I always get a dark shadow on my underarms and no amount of shaving makes it go away. What is it and how can I get rid of it?
Ah, yes. The infamous dark underarm shadow. Not to be dramatic, but most girls I know complain about this. It’s like, you get rid of your underarm hair so that area is spotless and smooth… and then you get left with a dark shadow that you have no idea what to do with. It’s frustrating! I get it. I wanted to get some legit advice that just might solve the problem, so I reached out to an expert. I brought this up to Dr. Melissa Kanchanapoomi Levin, a New York City based dermatologist and clinical instructor at New York University and Mount Sinai Icahn School of Medicine, who also works with Schick.
Dr. Kanchanapoomi Levin said, “Dark armpits can be caused by a number of conditions, such as acanthosis nigricans (which is a sign on the skin for insulin resistance), bacterial infections called erythrasma, and chronic rubbing from shaving… or just plain rubbing! There are some topical medications that can lighten the skin such as hydroquinone, retinoids, corticosteroids, glycolic acid, azelaic acid, etc.” Your dark shadows are more than likely caused by shaving often, especially if you keep shaving thinking that will help. But, if you’re worried it might be something else, you should see a dermatologist. Don’t take a medication without speaking with a medical professional in person first!
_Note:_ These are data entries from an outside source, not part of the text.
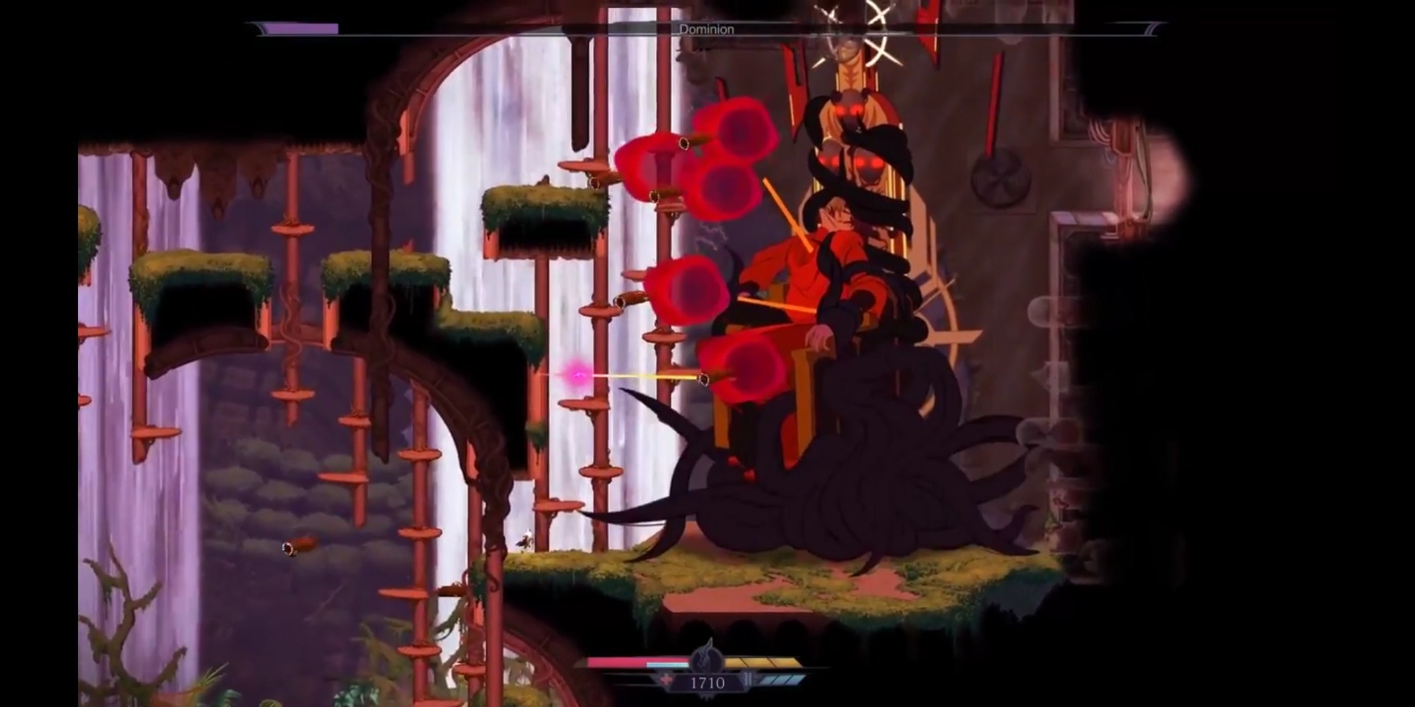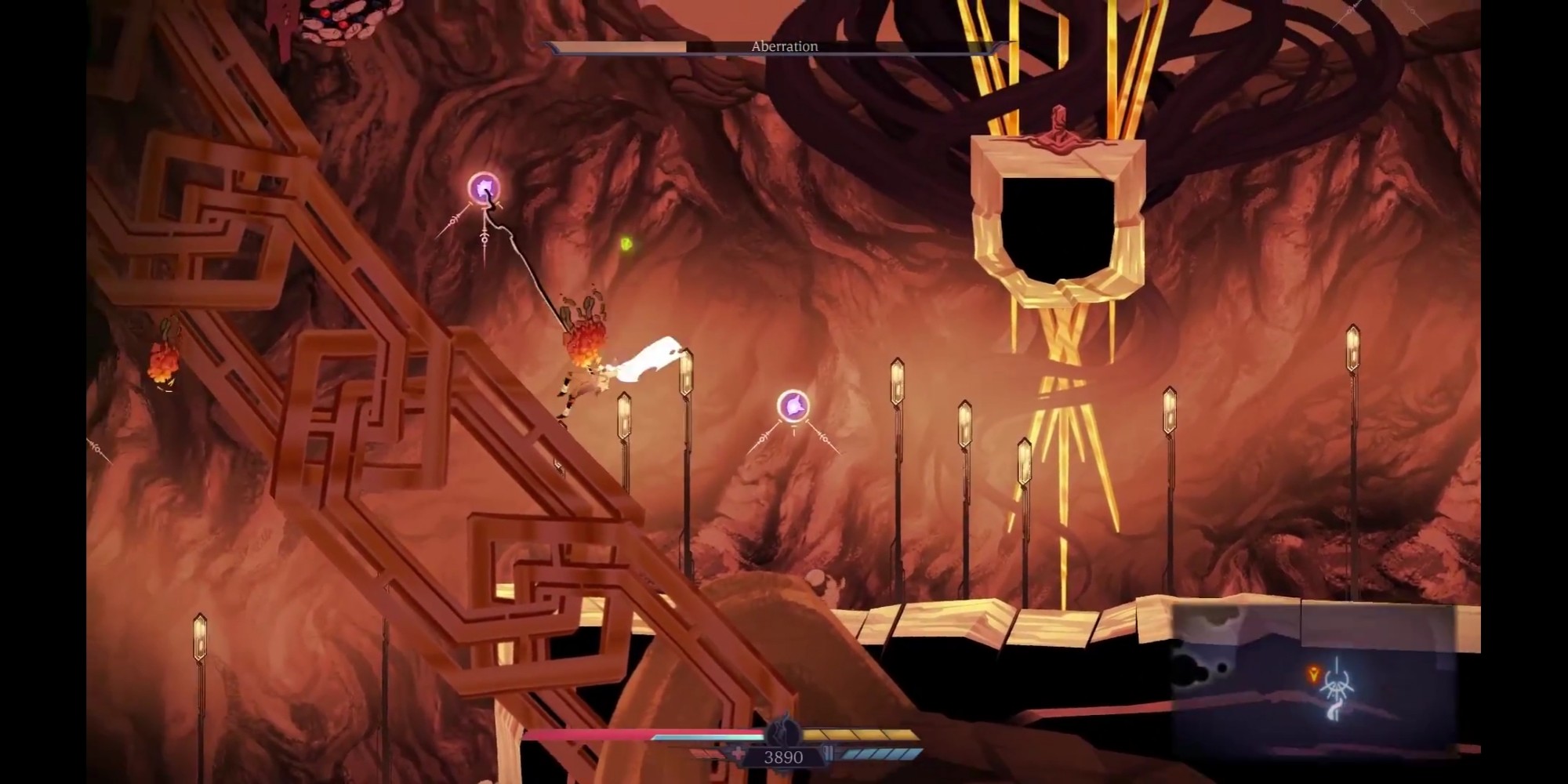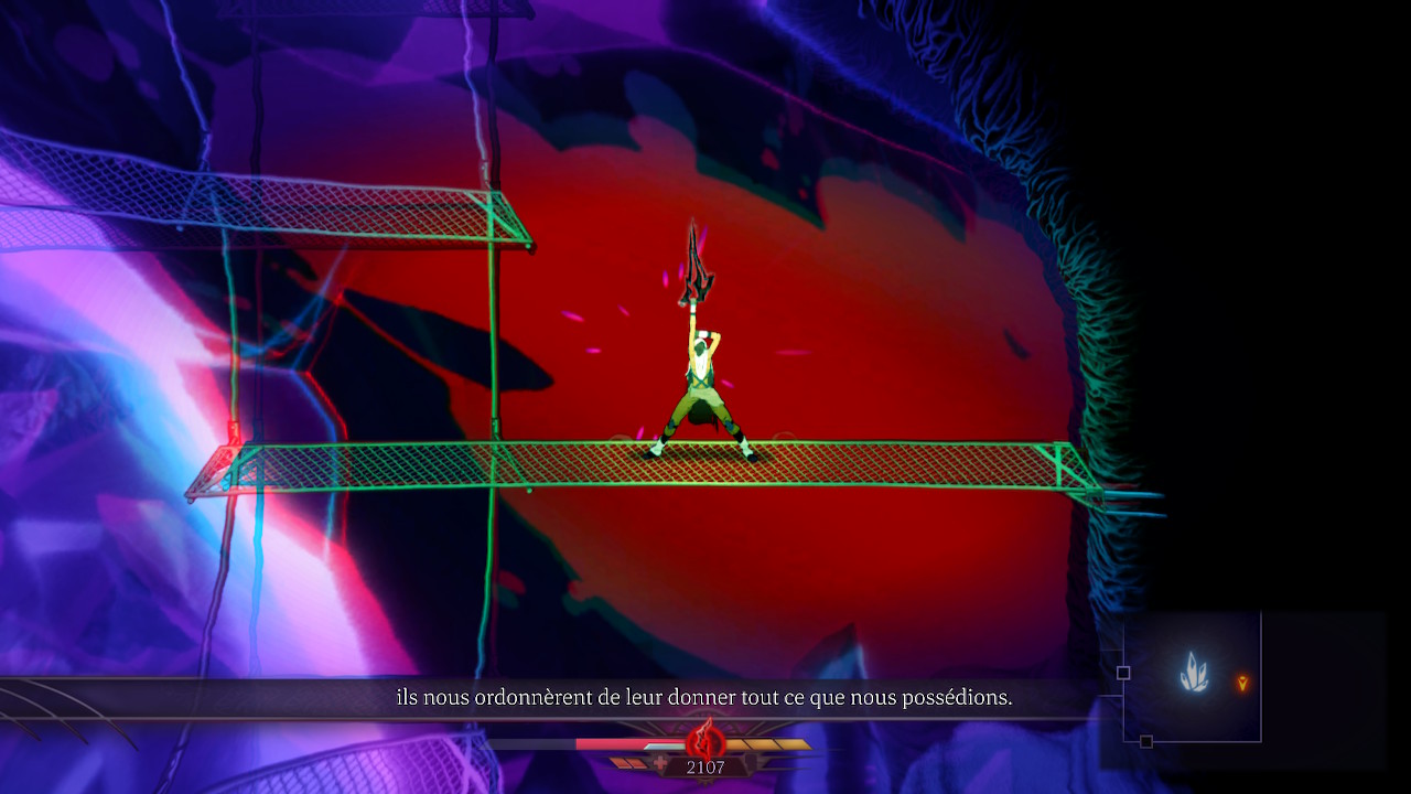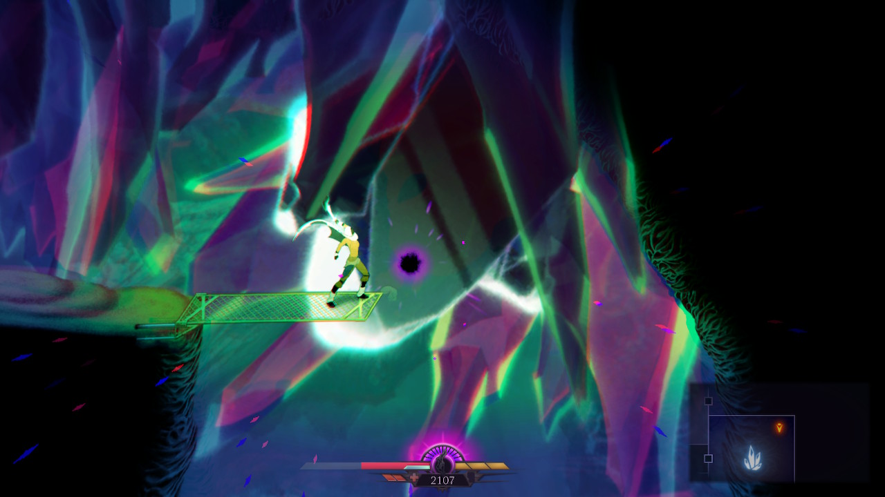 Thunder Lotus Games a fait en sorte que la progression soit très progressive. La difficulté ne sera pas pour autant faible, car comme tout Rogue Like qui se respecte (à croire que Metroid et Castlevania était déjà des Die & Retry) vous allez mourir souvent. Mais trouver rapidement les autels permettant d’apprendre de nouveaux pouvoirs sera votre priorité. Double saut, grappin, voler, feront partis de vos capacités par la suite vous permettant de découvrir de nouvelles salles mais surtout de ne pas vous faire massacrer par les vagues d’ennemis. Ce promener et découvrir de nouvelles routes, s’enfoncer toujours plus loin dans ce monde malsain est un pur bonheur. Et malgré les multiples morts, malgré la répétitivité constante, on prend un plaisir embrassant à recommencer encore et encore.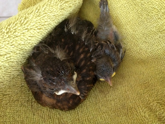 Die beiden Spatzen lagen wohl schon länger da drin, waren sehr unterkühlt, der eine mehr tot als lebend.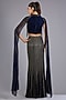 Featuring a navy blue top in viscose georgette and crepe base. It is paired with a skirt and cape. Style it with strappy heels, bold earrings, and a sleek low ponytail for a polished look. Perfect for receptions, sangeet functions, and glamorous festive events.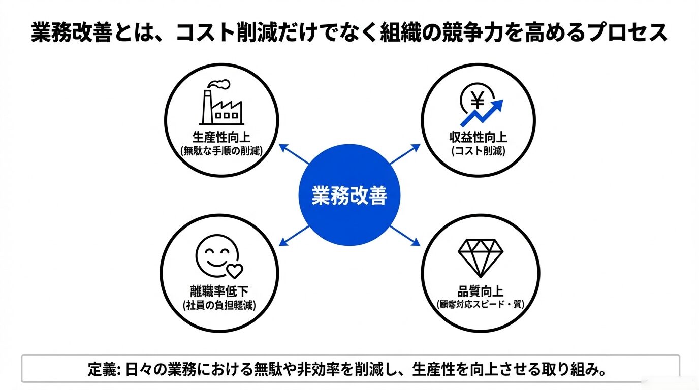 業務改善は、現状の業務プロセスを分析し、より効率的で効果的な形に再設計することを指します。その目的は、時間やコストの削減だけでなく、社員の働きやすさを向上させ、最終的には顧客満足度や会社の収益性を高めることです。具体的には、次のような成果を目指します。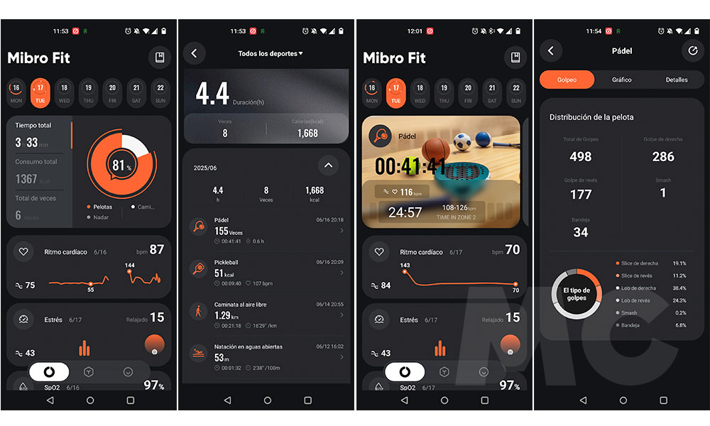 El modo padel no es un complemento más: es una de las funciones más bien resueltas de la Serie GS. Gracias al sensor de seis ejes y a la llamada Matriz Técnica 6D, el reloj puede identificar patrones de golpeo y medir la velocidad del swing con notable precisión —de 0 a 150 km/h en cuatro etapas—. Esta información es útil no solo para jugadores avanzados, sino también para quienes están mejorando su técnica y buscan datos objetivos sobre ritmo y postura. Pocas marcas han apostado por el padel con esta profundidad, lo que permite a Mibro dirigirse con claridad a una comunidad deportiva en expansión.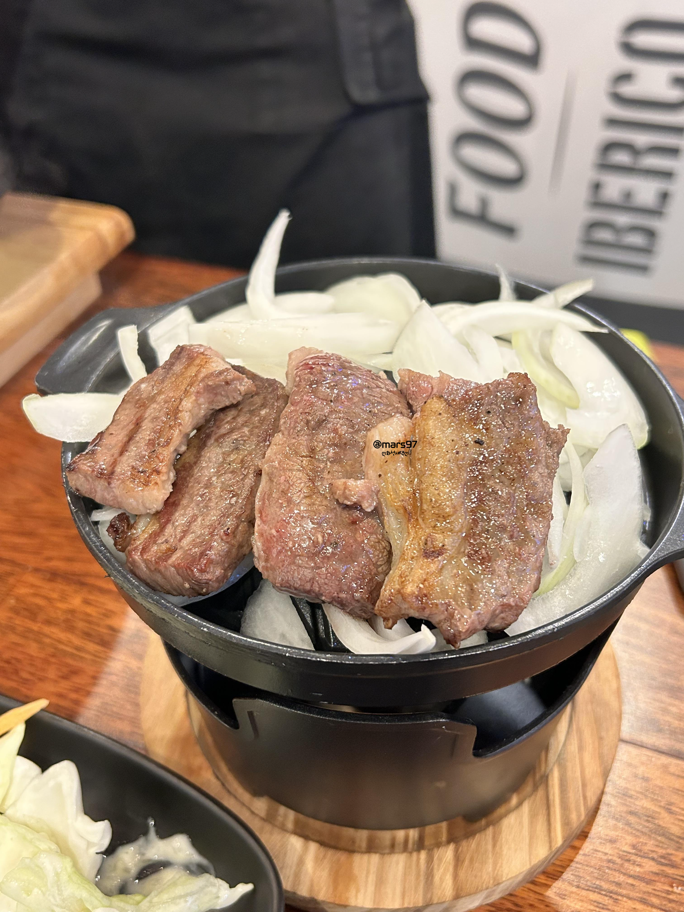 뭘 먹을까 고민하다가 이베리안 소갈비로 주문했어요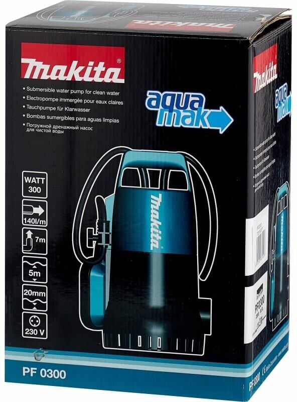 MAKITA Насос дренажный PF0300, центробежный, погружной, 8400л/ч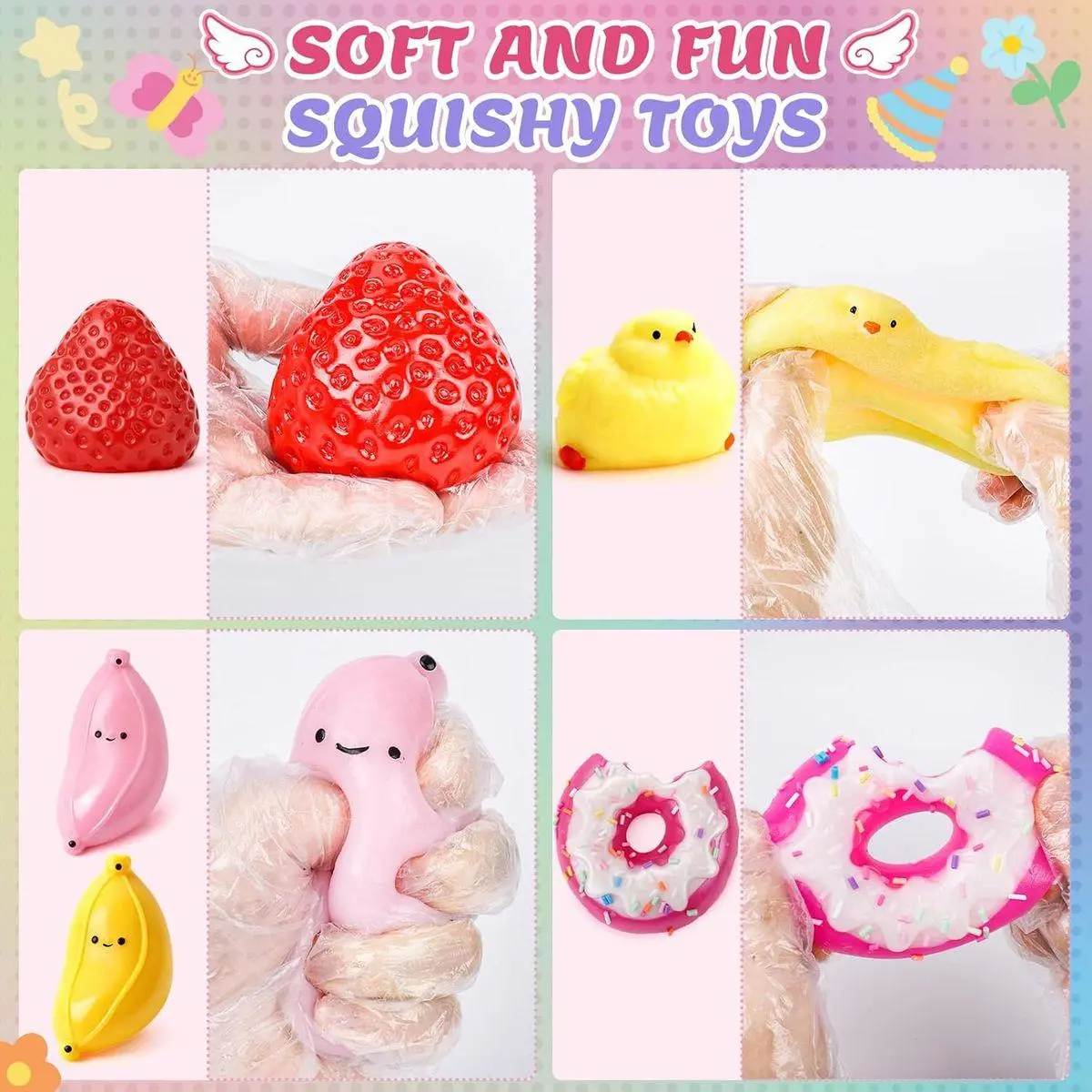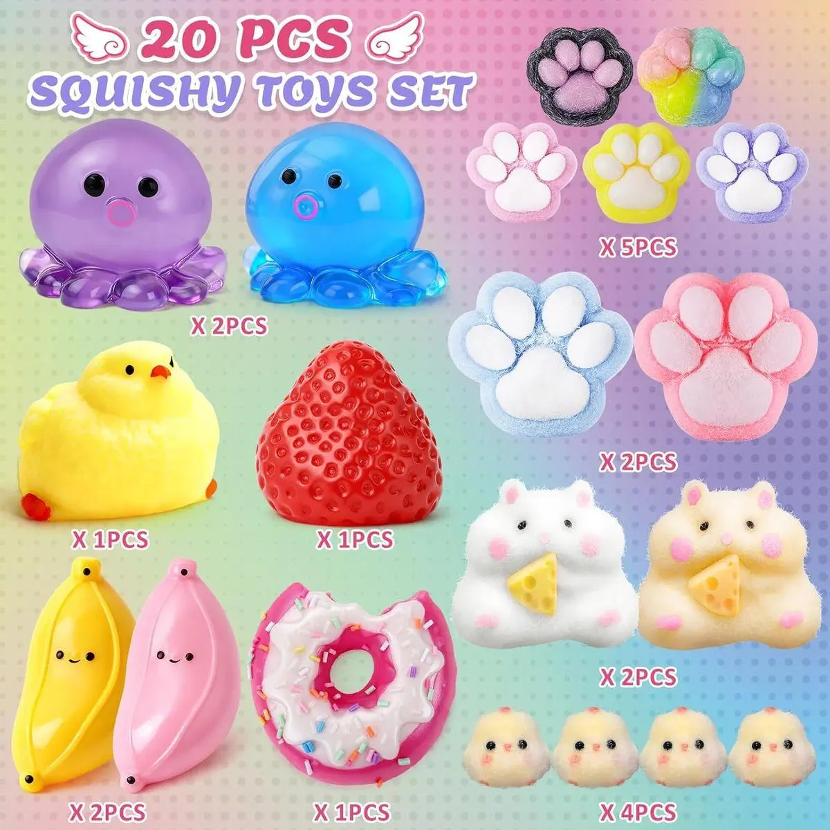 【PERFECT TABA SQUISHY PACK】This Taba Squishy toy set includes 20 fun toys: 1 Donuts Squishy +1 Big Chick Squishy + 4 Mini Chick Squishies + 2 Hamster Squishies + 2 Big Cute Cat Squishy + 1 Big Strawberry Squishy + 5 Mini Color Cat Paws Squishies + 2 Octopus Squishies +2 banana Squishies. Almost covering all popular styles, bringing them home at a more cost-effective price in one go.

The bad news is that removing hair there could be a big reason you’re seeing that shadow. Dr. Kanchanapoomi Levin says, “Unfortunately, with shaving or waxing, ingrown hairs and stubble can give the appearance of dark patches since the hair in the armpits is often thicker compared to hair on other parts of the body. If ingrown hairs are an ongoing problem, using a salicylic acid, glycolic acid, or a benzoyl peroxide gel or cleanser can be helpful. Otherwise, a more definitive treatment would be laser hair removal.” So, shaving is probably the worst offender here. Waxing, I’ve heard, is a little bit better for shadows, but it’s not a miracle worker. Like our expert said, laser hair removal is your best bet. Not interested in that? Keep reading.
If you want to continue shaving your underarms, then listen to these tips from Dr. Kanchanapoomi Levin: “It’s important to change the blade regularly so you’re not shaving with a dull razor. Use a shave gel in order to minimize friction, and use as little passes as possible in order to minimize rubbing. I also recommend using a 2-in-1 razor like Schick Intuition because it has the shaving cream built right in. Wearing loose tops and cotton layers to avoid chafing is also helpful. Since hyper-pigmentation can’t always be avoided, sun protection and limiting direct sun exposure is key.”